### What you need to do
Your copy should begin at the line containing "Anillo de diseño" and end at the last line of the records; transcribe those lines exactly and leave out every picture.

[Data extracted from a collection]
************
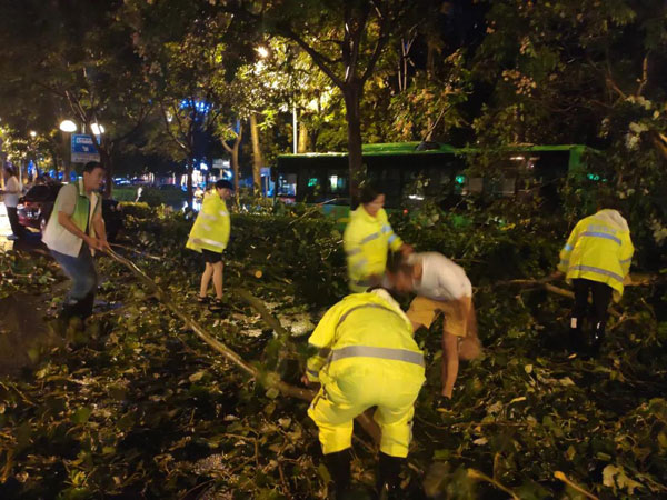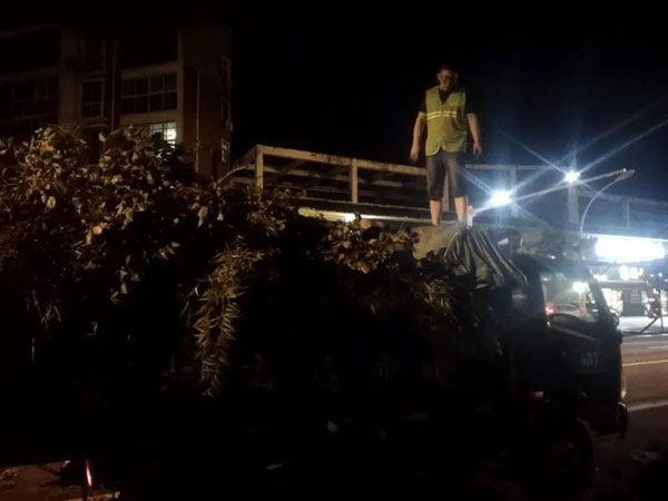 又是一個不眠夜,園林搶險硬核力量,彰顯部門責(zé)任擔(dān)當。截至8月19日早上5點多,共搶險倒伏樹木120余株,大型斷枝360余處,小型斷枝800余處,出動車輛60余臺次,出動人員200余人次。
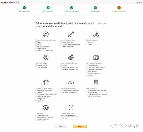 此处是多选项,如果你卖多品类的话,可以都勾选上,最后点击Finish。
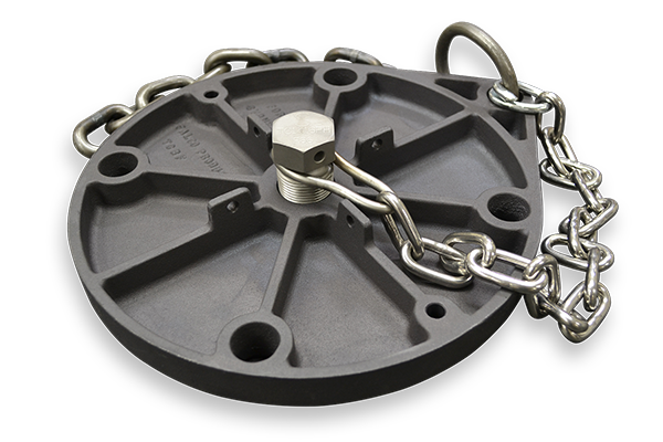 Fits Standard 6″ Bottom Outlet, (4) 7/8″ Bolt Holes on 9 1/2″ Bolt Circle, Black Anodized Aluminum, White FDA Nitrile Gasket, 416 SS Plug, CS and SS Chain
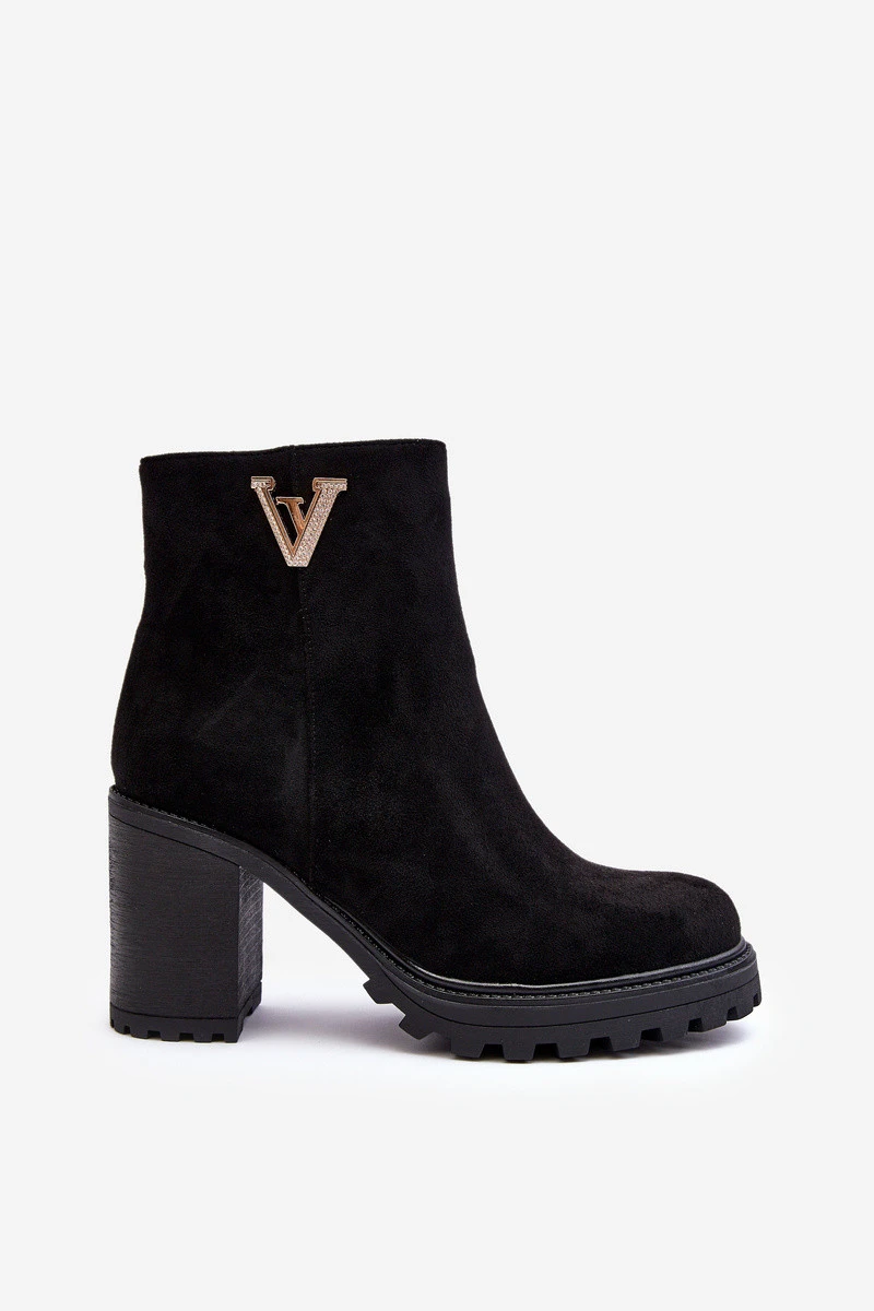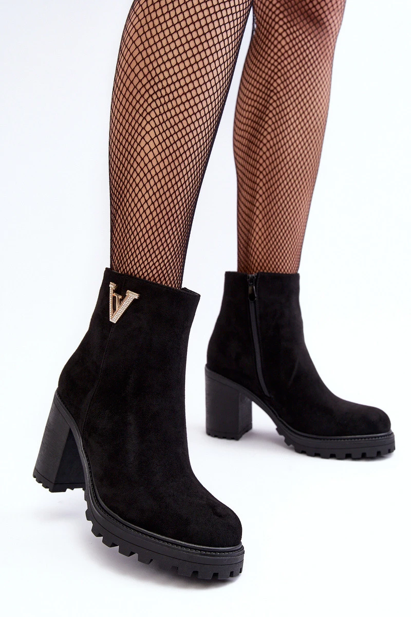 Dámské semišové boty na sloupku s ozdobou černé Strong
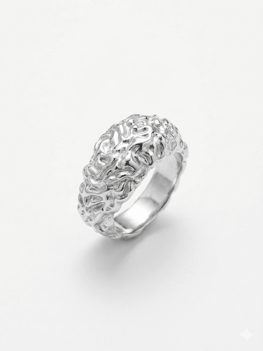 Anillo de diseño limitado, en acero inoxidable, color plateado
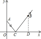 分析:首先过点B作BD⊥x轴于D,由A(0,2),B(4,3),即可得OA=2,BD=3,OD=4,由题意易证得△AOC∽△BDC,根据相似三角形的对应边成比例,即可得OA:BD=OC:DC=AC:BC=2:3,又由勾股定理即可求得这束光从点A到点B所经过的路径的长.
************
### Answer section
 Anillo de diseño limitado, en acero inoxidable, color plateado
 分析:首先过点B作BD⊥x轴于D,由A(0,2),B(4,3),即可得OA=2,BD=3,OD=4,由题意易证得△AOC∽△BDC,根据相似三角形的对应边成比例,即可得OA:BD=OC:DC=AC:BC=2:3,又由勾股定理即可求得这束光从点A到点B所经过的路径的长.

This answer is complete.